I suppose I should be pleased. Todres et al. (2007), in a widely cited review of 2 years of Medical Education and Medical Teacher articles, found only 5% were randomized controlled trials. So at 3/11 = 27%, we’re doing much better.

Better? Pardon a second. Should we be striving for 100% randomized trials? Is this any measure of quality of research? After all, a study of faculty perception of student feedback is unlikely to benefit from having a control group (randomized of course) who were not given feedback and then asked their perceptions of not getting feedback. For that matter, randomizing students to be Asian or not is a bit impractical. In short, the variety of research designs in the papers in this issue reflect the nature of the research questions asked, which really span the gamut of educational research, and only a few are amenable to experimentation.

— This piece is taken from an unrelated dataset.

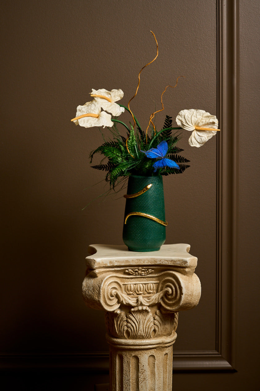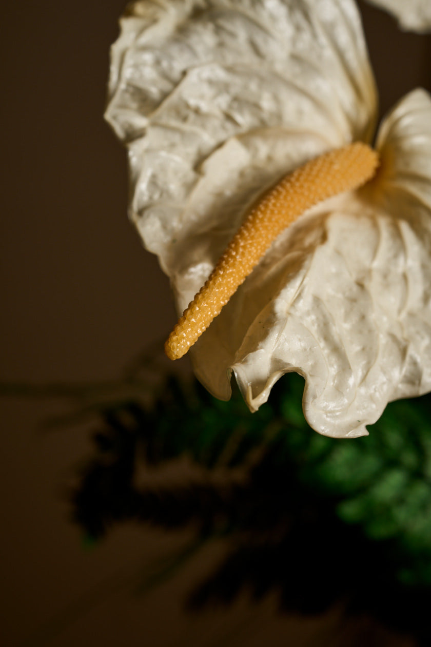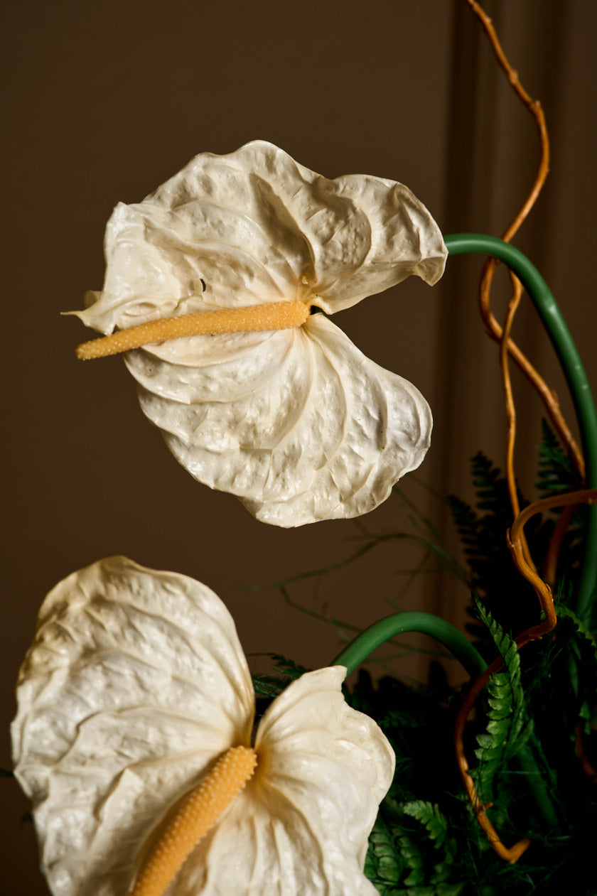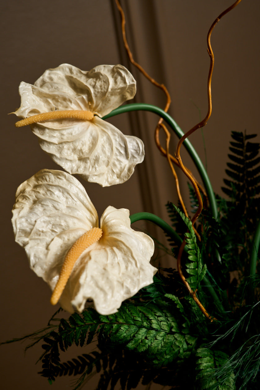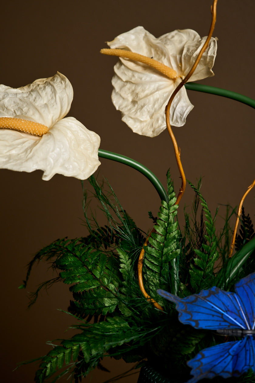 Introducing Eve — a strikingly simple yet deeply symbolic arrangement featuring three cream-colored anthuriums, gracefully arched bleach curly willow, and a single butterfly in still flight. She’s minimal, but not modest. Serene, but far from simple.

But what of quality? One carryover from clinical research is a perverse hierarchy of research designs where randomized controlled trial is at the top in quality, case series is at the bottom, and cohort studies are somewhere in the middle. The first problem with this approach is that it is a very limited taxonomy, suitable for epidemiologic studies and little else. The common approach to a study of assessment, looking at reliability and validity, must be classified as a “cohort” study, which scarcely does justice to it. Moreover, an abstract hierarchy does not examine the appropriateness of a design for the question being asked, but instead infers quality from the label put on the design. Why should this be an index of quality? Indeed, why should we presume, as do Todres et al. (2007), and Torgerson and Torgerson (2001), that the published literature in medical education is inherently inferior because we don’t do enough RCTs? After all, the papers in this issue, represent the 20% or so that survived a rigorous screening beginning with one editor (Henk van Berkel) who screened out 50–60% before review, then 2 or 3 expert reviewers, then an associate editor, then yours truly. And we were not exactly scraping the bottom of the barrel. Even after the revisions were accepted (only about 1–2 papers a year are accepted without revision), these articles still sat around in the publication queue for a year or so. If we are to pass judgment that our research methods are inferior, either the collective judgment of the 5–6 people involved in every paper review is consistently flawed, since we are apparently unable to identify good studies from bad, or the criteria used by the critics are wrong.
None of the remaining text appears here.